> WHAT IS BEING ASKED
Could the listing below be returned exactly, with its pictures left out?

━━━━━ MATERIAL PROVIDED ━━━━━

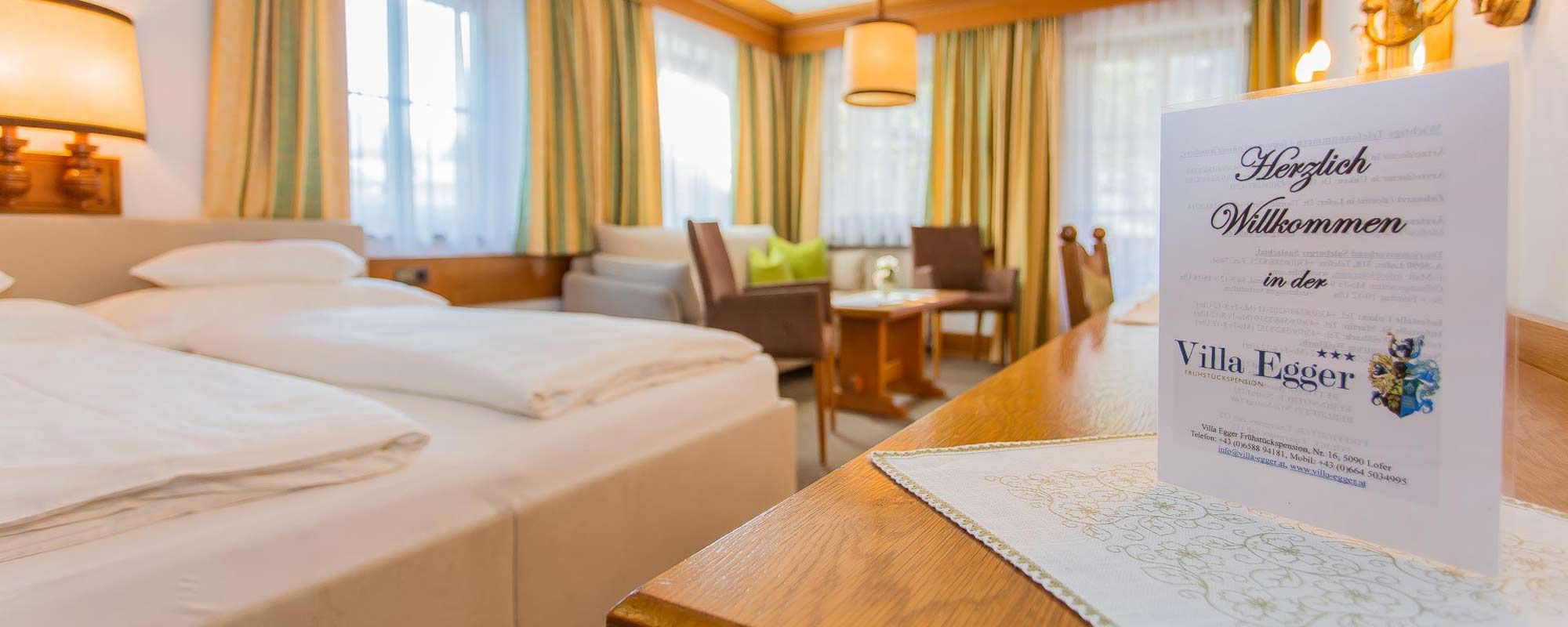 Zudem verfügen alle Zimmer unserer Pension Villa Egger in Lofer, die als Doppelzimmer oder Einzelzimmer buchbar und durch Zusatzbetten auf Dreibett- und Vierbettzimmer erweiterbar sind, über Flat-TV, gratis W-Lan und großteils Balkon.
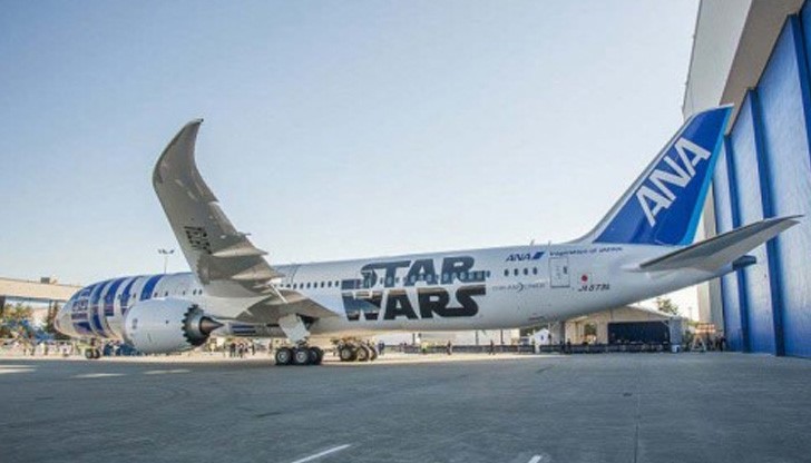Уникалната премяна на Boeing 787-9 е вдъхновена от емблематичното малко дроидче R2-D2, което във филмовата поредица служи на Анакин и Люк Скайуокър, а сега ще обслужва полети между Токио и Ванкувър.
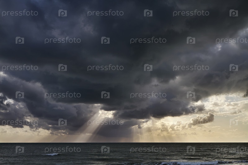 Италия, Сицилия, Средиземное море. Темные облака в небе
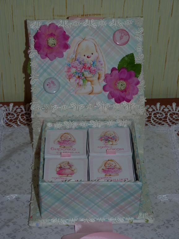 СкрапбукингЗдравствуйте, рукодельницы. Сотворилась коробочка "мамины сокровища" для девочек, увлеклась скрапом совсем недавно, поэтому, строго не судите , да и качество фото....уж простите. В реале она смотрится намного лучше, я результатом, в принципе, довольна. Под катом 5 фото.
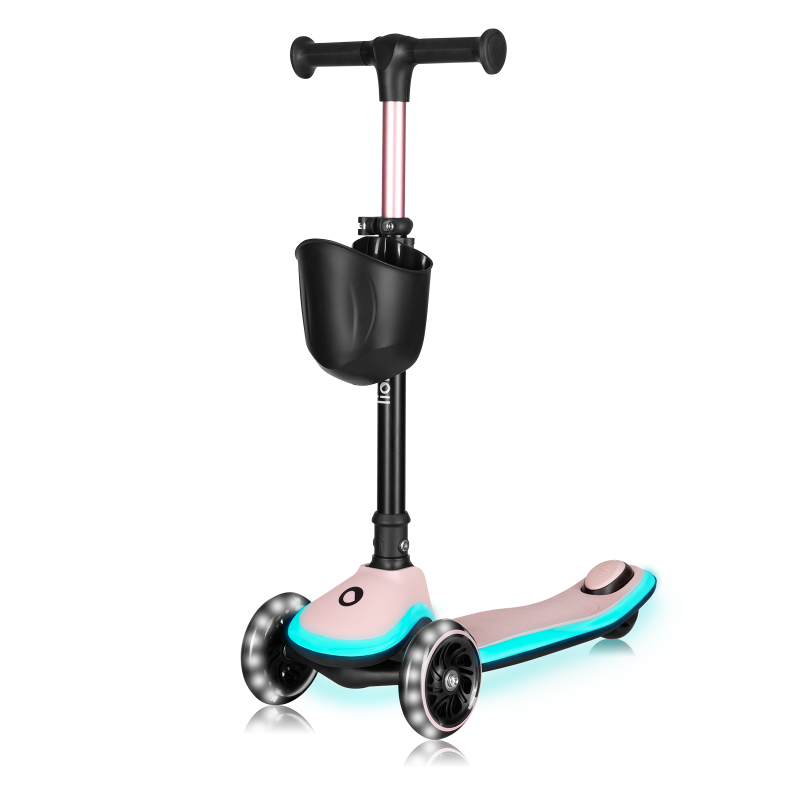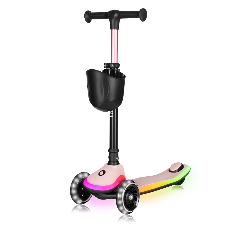 Передні колеса світяться білим кольором, що не лише виглядає вражаюче, але й забезпечує видимість дитини — світло активується під час руху і не потребує батарейок!

━━━━━

> COMPLETED EXERCISE
 Zudem verfügen alle Zimmer unserer Pension Villa Egger in Lofer, die als Doppelzimmer oder Einzelzimmer buchbar und durch Zusatzbetten auf Dreibett- und Vierbettzimmer erweiterbar sind, über Flat-TV, gratis W-Lan und großteils Balkon.
Уникалната премяна на Boeing 787-9 е вдъхновена от емблематичното малко дроидче R2-D2, което във филмовата поредица служи на Анакин и Люк Скайуокър, а сега ще обслужва полети между Токио и Ванкувър.
 Италия, Сицилия, Средиземное море. Темные облака в небе
 СкрапбукингЗдравствуйте, рукодельницы. Сотворилась коробочка "мамины сокровища" для девочек, увлеклась скрапом совсем недавно, поэтому, строго не судите , да и качество фото....уж простите. В реале она смотрится намного лучше, я результатом, в принципе, довольна. Под катом 5 фото.
 Передні колеса світяться білим кольором, що не лише виглядає вражаюче, але й забезпечує видимість дитини — світло активується під час руху і не потребує батарейок!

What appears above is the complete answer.